- **Exercise prompt**
Starting at the line that contains "TE Part # 7-2836413-2", write out each line through the end of the data below, exactly as it stands. Skip any pictures.

[Source records]
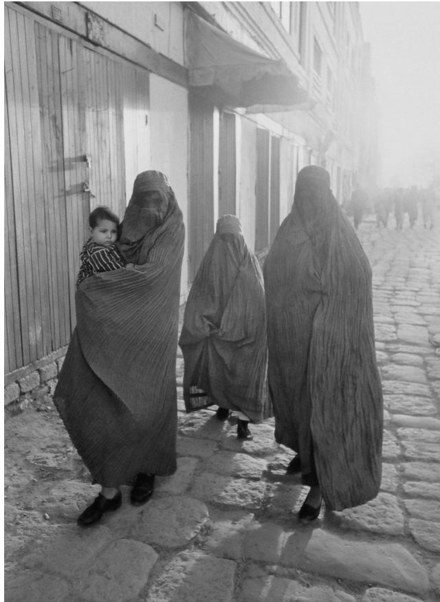
TOMATSU Shomei, Afghanistan , 1963/2009

In August 1963, Tomatsu visited Afghanistan as a correspondent of the magazine Taiyo , published by Heibonsha. Both his first trip abroad as well as his first trip to Afghanistan, for the thirty-two year old Tomatsu, the experience was a series of surprises—the white parched landscape and intense sunlight, the lifestyles of the nomads who had no permanent homes, the people who gathered at the bazaars, and the women wearing the chadri (burqa).
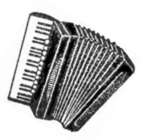
The official instrument of San Francisco!

World's First Accordion Club 1912-2010 גנגע Newsletter for May 2010
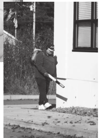
The 2nd Annual Client Clean-Up Day was held on November 10th. Fourteen clients helped spruce up the grounds by raking leaves, clearing brush, washing windows, and cleaning the inside of the building. It was wonderful opportunity for clients to give back to the community and say thank you for the support they have received.

"Without people like the people at Loaves & Fishes, I don't know where we would be."
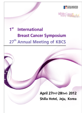
1st IBCS, 2012
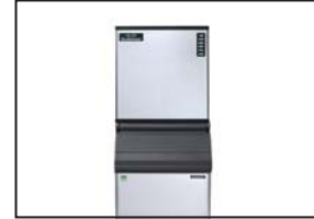
SUS304 Stainless Steel Panels
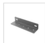
90° Bracket kit LKITA000000000020
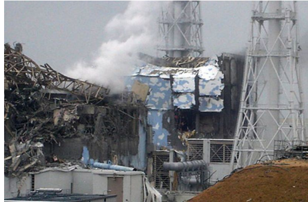
Fukushima Daiichi Reactors Explode

“After the explosion in Fukushima Daiichi Unit #4 the Japanese were not able to get enough water into the building to keep the spent fuel pool cool,” Lochbaum said. “So the US airlifted a concrete pumper truck all the way from Australia to an American naval base in the northern part of the island. And the Japanese would not let it leave the base because it wasn’t licensed to travel on Japanese roads. Given the magnitude of their problems, that seemed to be the wrong priority.”
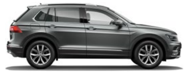
Indium Grey Metallic
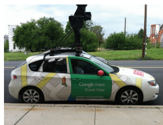
Google StreetView car spotted on N. 6th Street in Harrisburg

We also encourage guest columns and letters to the editor. If you would like to write or share an article with the GIS community, we will gladly include it. Email your article to nlernst@hacc.edu .
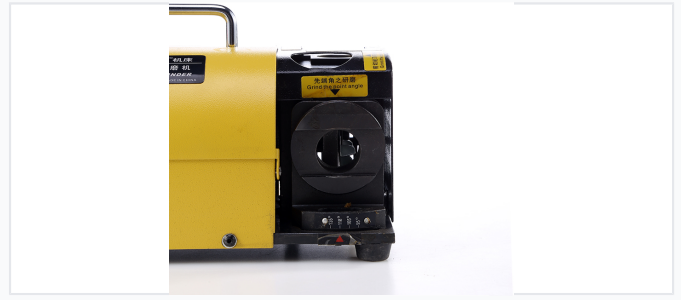
Precision control allows for adjustable grinding angles to suit different bit requirements.
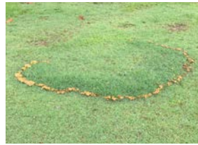
Fairy Ring - Type 3 Basidiomycete Fungi
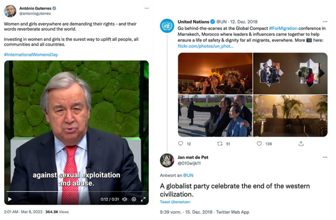
Figure 2. Two tweets from UN handles. Note: All tweets are archived and searchable at Wayback Machine (https://web.archive.org). Sources: Guterres (2019); Jan met de Pet (2018).
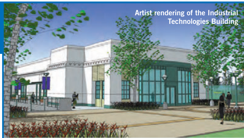
Artist rendering of the Industrial Technologies Building
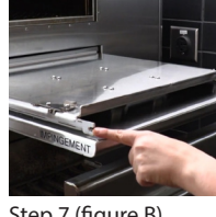
Step 7 (figure B)
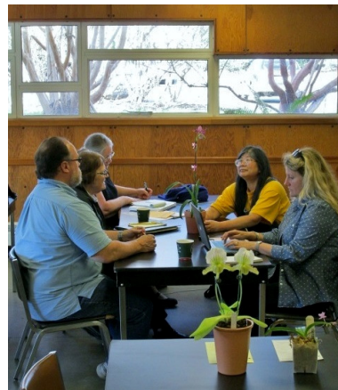
AOS Judging team scoring a plant
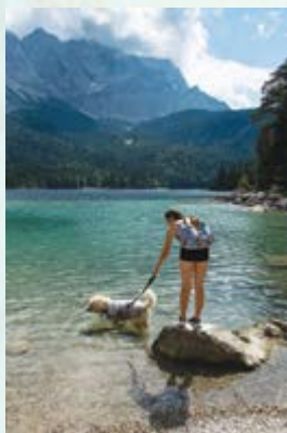
Barkley has a paddle in Lake Eibsee

As promised, the next day we made use of the free buses - leaving the kayak and oars back at base camp - and went to relax by Lake Eibsee. The sun was shining and there was a cooling mountain breeze. We had a lovely day on a beautiful lakeside beach surrounded by some fantastic scenery. Even Barkley had a paddle!!
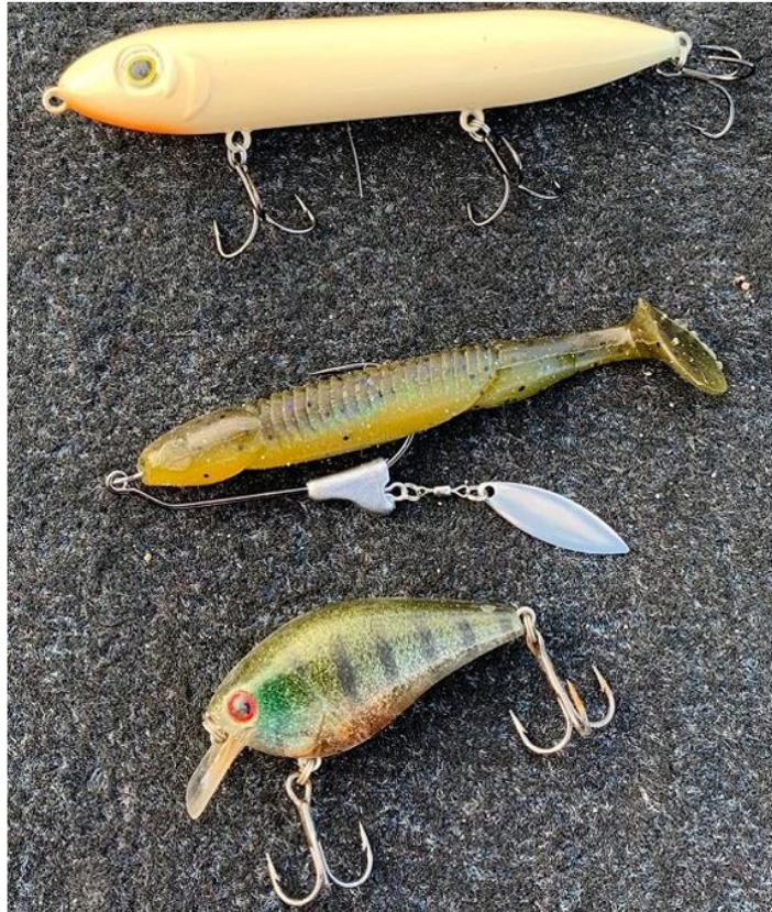
(Top to Bottom) Blue's Baits Top Water Spook, underspin bluegill swim bait, perch pattern shallow diving crankbait.

Thanks for reading and supporting our angling community!
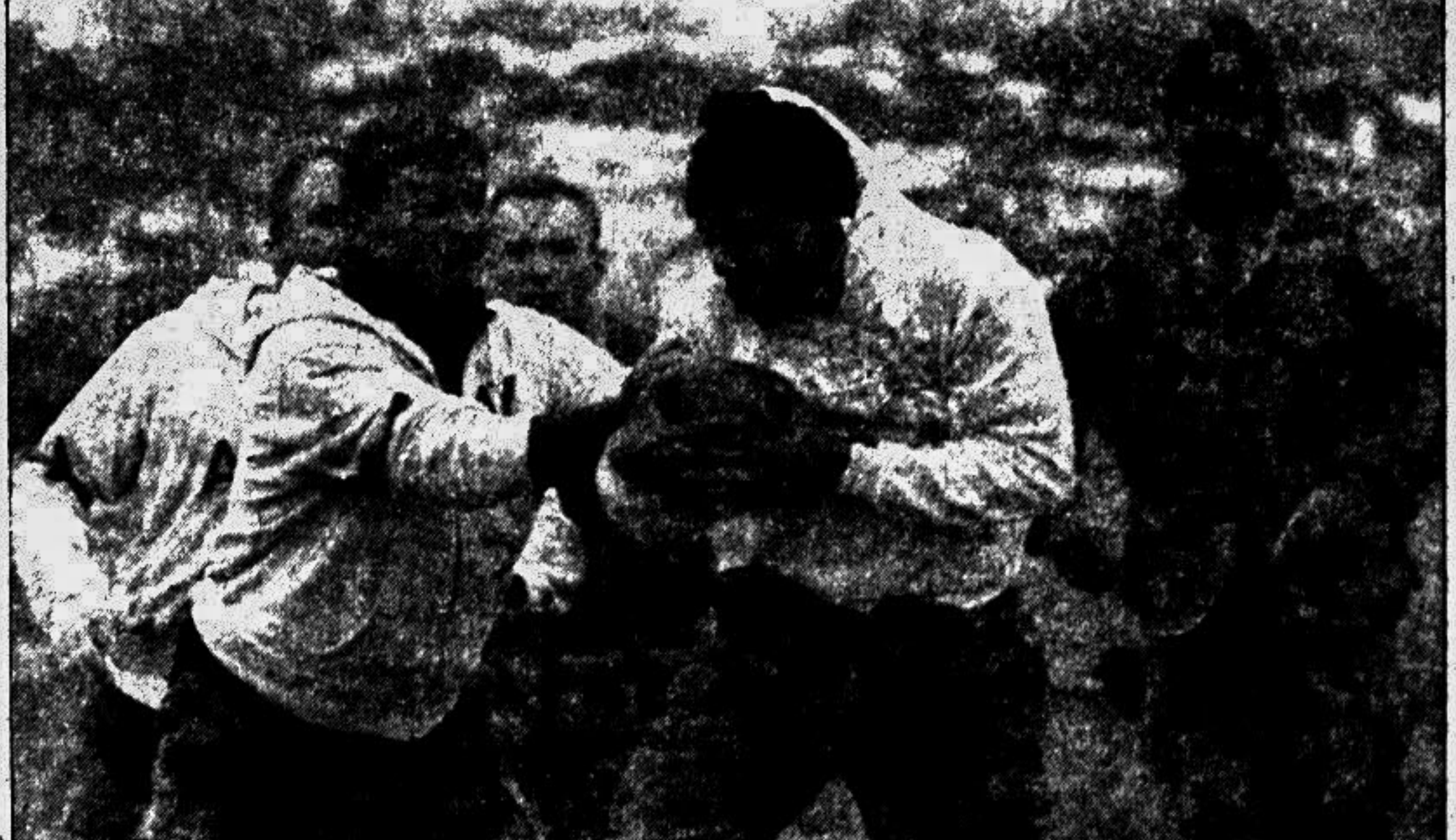
US soldiers of the NATO peace implementation force (IFOR) are engaged in an American version of football with their British counterparts in Sarajevo on New Year's Day.

On Monday the top-seeded Croatian combination of Goran Ivanisevic and Iva Majoli breezed to a 3-0 win over the No 8 seeded pair from France: Arnaud Boetsch and Catherine Tanvier. The Croatian pair won 3-6, 6-1 (7-4). The match was decided by a sudden death tie-breaker after the teams split the first two sets.
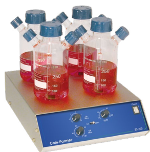
BS-200-4-500 4 Position Biological Stirrer
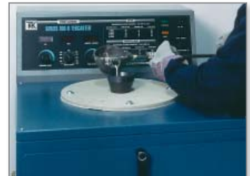
Figure 7: While spinning, molten metal is poured into the mold.
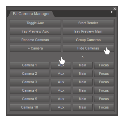
Figure 8 : The Hide Cameras button and Main/Aux Swap button. Main and Aux columns have been swapped here, which also swaps the Iray Preview buttons at the top.
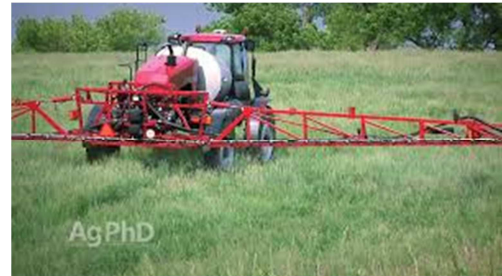
Figure 8. Mechanized Herbicide Application System.

Weeds should be removed at all times. This can be achieved by either herbicides or mechanical or manual weeding [8]. Where close planting is done, weeds pose less threat as can be seen in Figure 8.
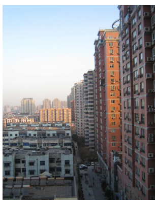
View from my apartment – usually you can't see beyond the second building because of the poor air quality

Secondly, I heard a story from people working among Tibetans. The Tibetan people group have been very difficult to reach with the gospel, and Tibetan Buddhism has an extremely strong hold upon them. It isn't just their religion but involves their way of life, culture and identity. Hudson Taylor said in the 19 th century, "It's easier to take a cub from a tiger than to convert a Tibetan to Christ". Many consider this to be true today. However, reports from one of the 5/6 Tibetan monastery towns describe how one of the senior lamas (a lama is the name of their spiritual leaders) met with 2 other senior lamas for a day of contemplation and discussion. This is quite common. But on this particular occasion it is understood that he took a Bible with him into that meeting and all three were profoundly affected by what they read. Please pray for this people group. Many recently have felt that an openness to the gospel will begin with the Tibetan spiritual leaders, and have been particularly praying for this to happen.
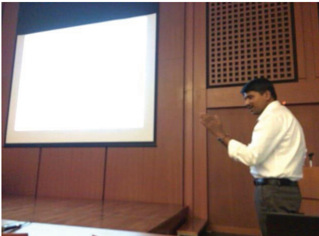
Oral talk at Kyushu University, Fukuoka, Japan on 05/08/2018
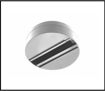
EXPO SYSTEM LED surface mounting base white (255113)
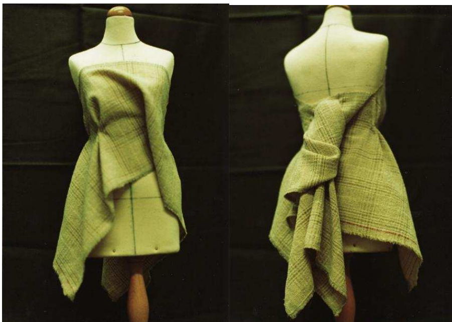
Figure 3: Sample of a SCT toile – experiment with one split
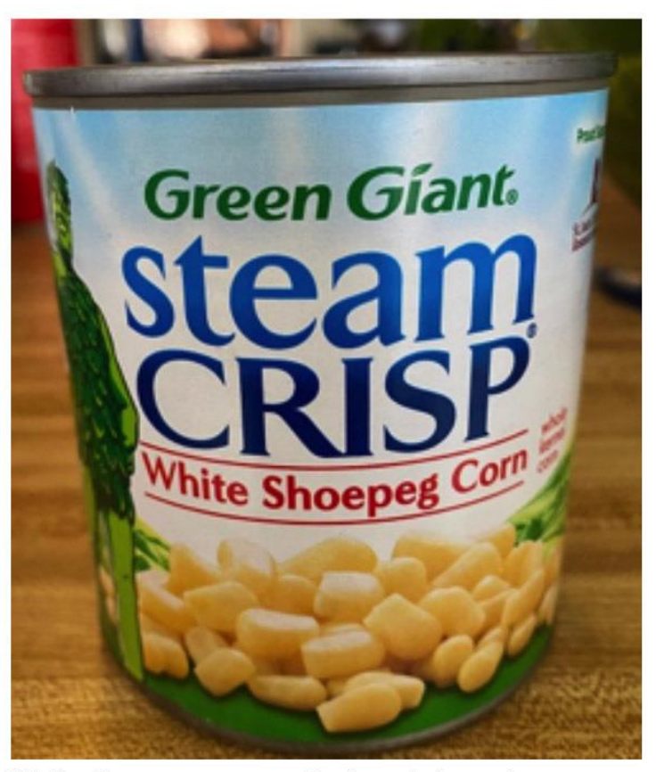
White shoepeg corn can be found at most grocery stores and works well on a spinner's hook when fishing for kokanee salmon.

Let us know how your fishing trip goes! Share your tips and tricks with your fellow anglers by emailing us at <u>funfishingnm@gmail.com</u> and let's help the next generation of anglers find success.
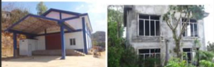
Phullen Godown, Capacity - 350 MT Amount : Rs. 1,21,50,600.00, Under DCSO Aizawl East
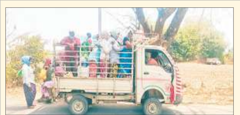
A mini truck crammed with people
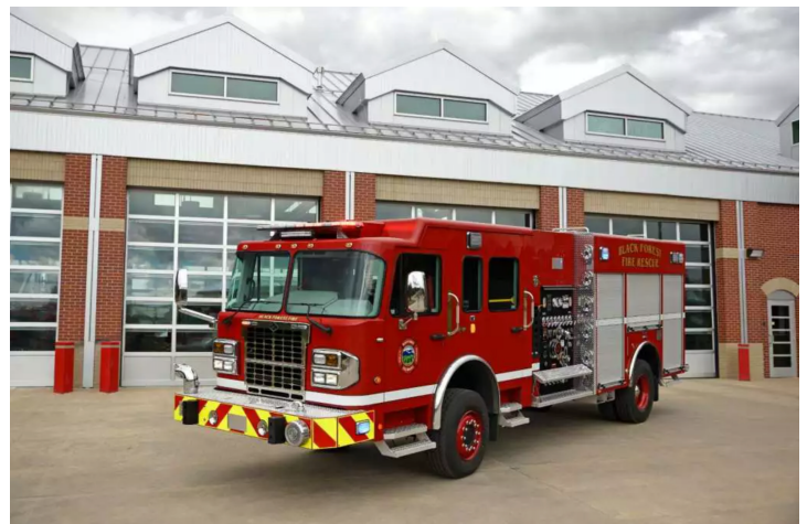
BFFR Fire Engine
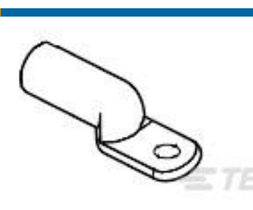
TE Part #277149-3 TERMINAL,COPALUM R 4 5/16
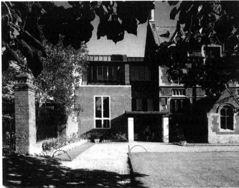
Freeland Rees Roberts Architects

As with all the libraries I am discussing, value has been added by the creation of a basement floor. In this case it extends under the full length of the building and contains the rare books and archives reading room, an office, and a store with compact shelving. Underneath there is drainage to a sump pit with an automatic pump, to avoid any risk of flooding. On the ground floor a new main entrance serves the whole building, with a lift, stairs and toilets in the extension, and an enquiry office and foyer leading to a large reading room (formerly the lecture rooms). This has a simple layout of rather tall bookcases in the centre and individual desks designed by the architect next to the windows. The surfaces pick up the colours in the original stained glass. The architect insisted on distemper for the walls because the natural pigment gives a more luminous effect than modern paint. The far end of this floor can be closed off to make a teaching room.
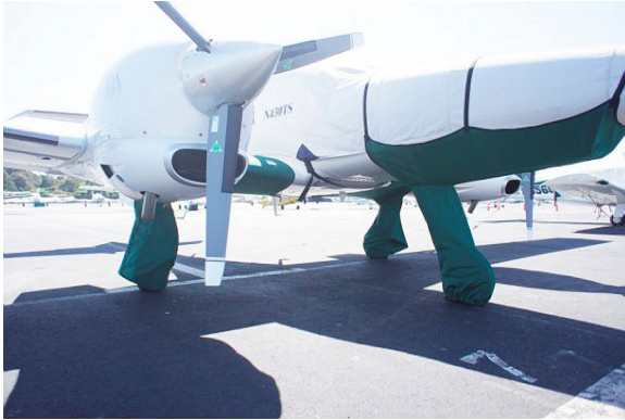
Twinstar Landing Gear &amp; Gearwell Covers
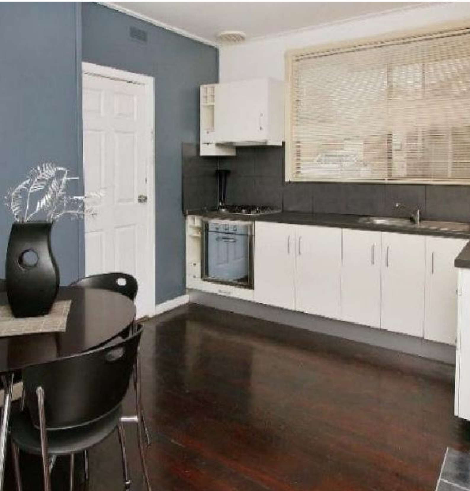
1/1 EVANS CRESCENT, RESERVOIR, VIC 3073 PREPARED BY MITCH HUNG NGUYEN, PROFESSIONALS ST ALBANS
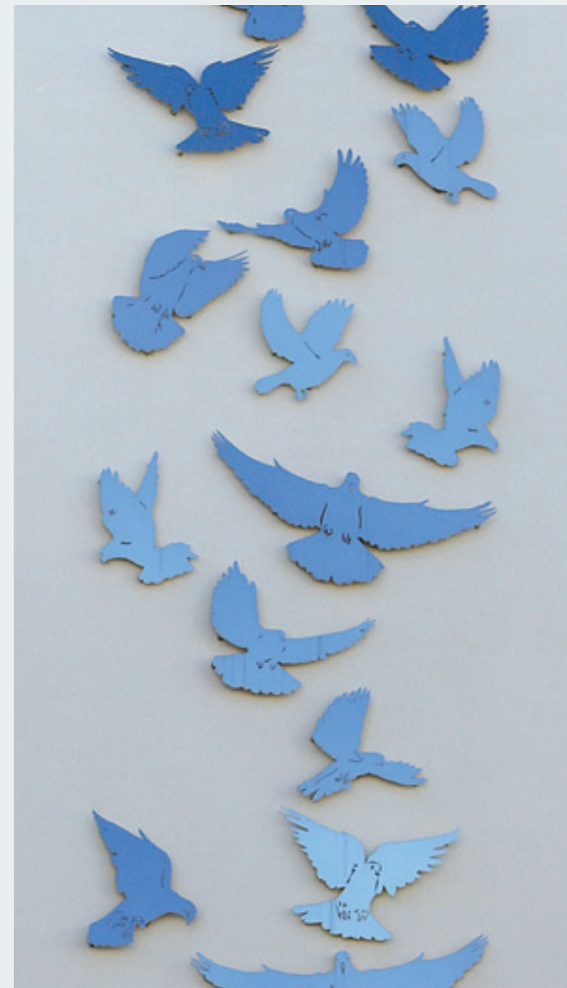
Doves at Pierre Arrivé House (2017) Variable Size | Stainless steel Collaboration with Private and Public Ltd and GR Langlois Ltd.

Kinetic wall sculpture for exteriors. Bespoke shapes and sizes can be made to fit any wall. A short video of this sculpture moving in the wind can be viewed at www.nicholasromeril.com/work/mesmerising-fish-wall
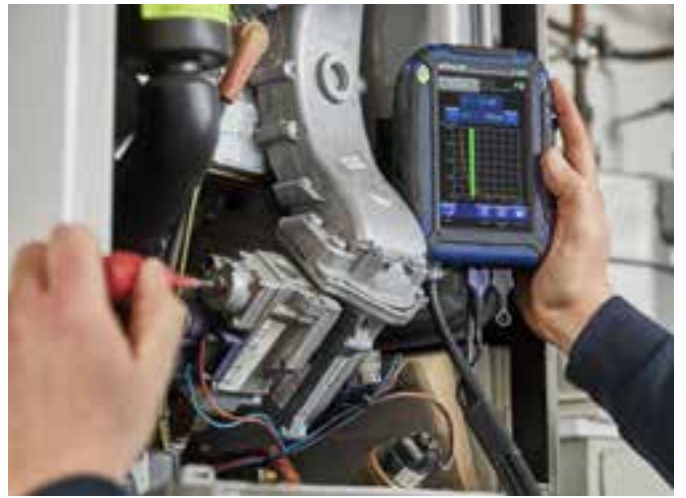
The tuning guide offers an advanced guidance to properly adjust the burner.
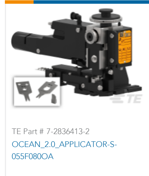
TE Part # 7-2836413-2 OCEAN_2.0_APPLICATOR-S- 055F0800A
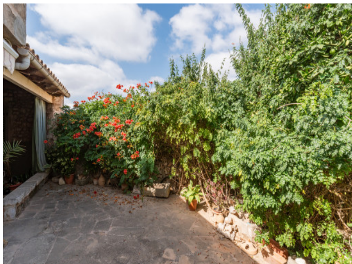
Adjoining outdoor terrace

- **Solution to the exercise**
TE Part # 7-2836413-2 OCEAN_2.0_APPLICATOR-S- 055F0800A
Adjoining outdoor terrace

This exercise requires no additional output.